Dataset section ▸
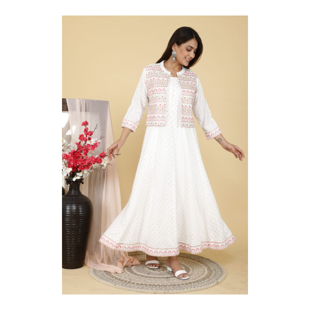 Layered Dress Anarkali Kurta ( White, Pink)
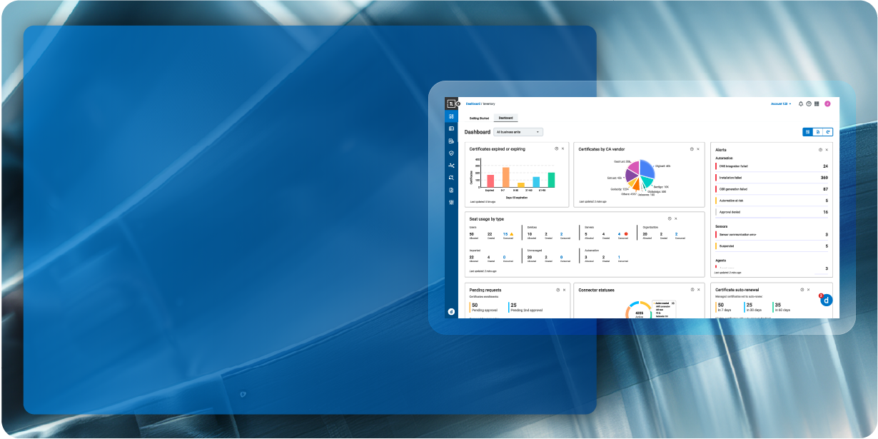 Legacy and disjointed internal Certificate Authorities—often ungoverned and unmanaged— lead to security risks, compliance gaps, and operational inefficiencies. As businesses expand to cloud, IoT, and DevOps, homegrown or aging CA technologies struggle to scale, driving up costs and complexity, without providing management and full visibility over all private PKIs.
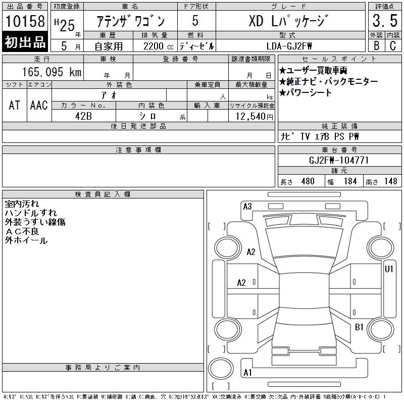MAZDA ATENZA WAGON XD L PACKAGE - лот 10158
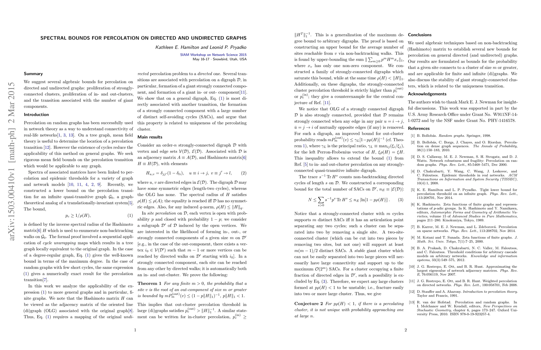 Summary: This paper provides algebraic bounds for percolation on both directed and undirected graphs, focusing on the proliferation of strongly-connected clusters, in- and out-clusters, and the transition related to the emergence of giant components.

Exercise instructions ▸
The data above needs to be retyped exactly, with the images left out.

Response ▸
 Layered Dress Anarkali Kurta ( White, Pink)
 Legacy and disjointed internal Certificate Authorities—often ungoverned and unmanaged— lead to security risks, compliance gaps, and operational inefficiencies. As businesses expand to cloud, IoT, and DevOps, homegrown or aging CA technologies struggle to scale, driving up costs and complexity, without providing management and full visibility over all private PKIs.
MAZDA ATENZA WAGON XD L PACKAGE - лот 10158
 Summary: This paper provides algebraic bounds for percolation on both directed and undirected graphs, focusing on the proliferation of strongly-connected clusters, in- and out-clusters, and the transition related to the emergence of giant components.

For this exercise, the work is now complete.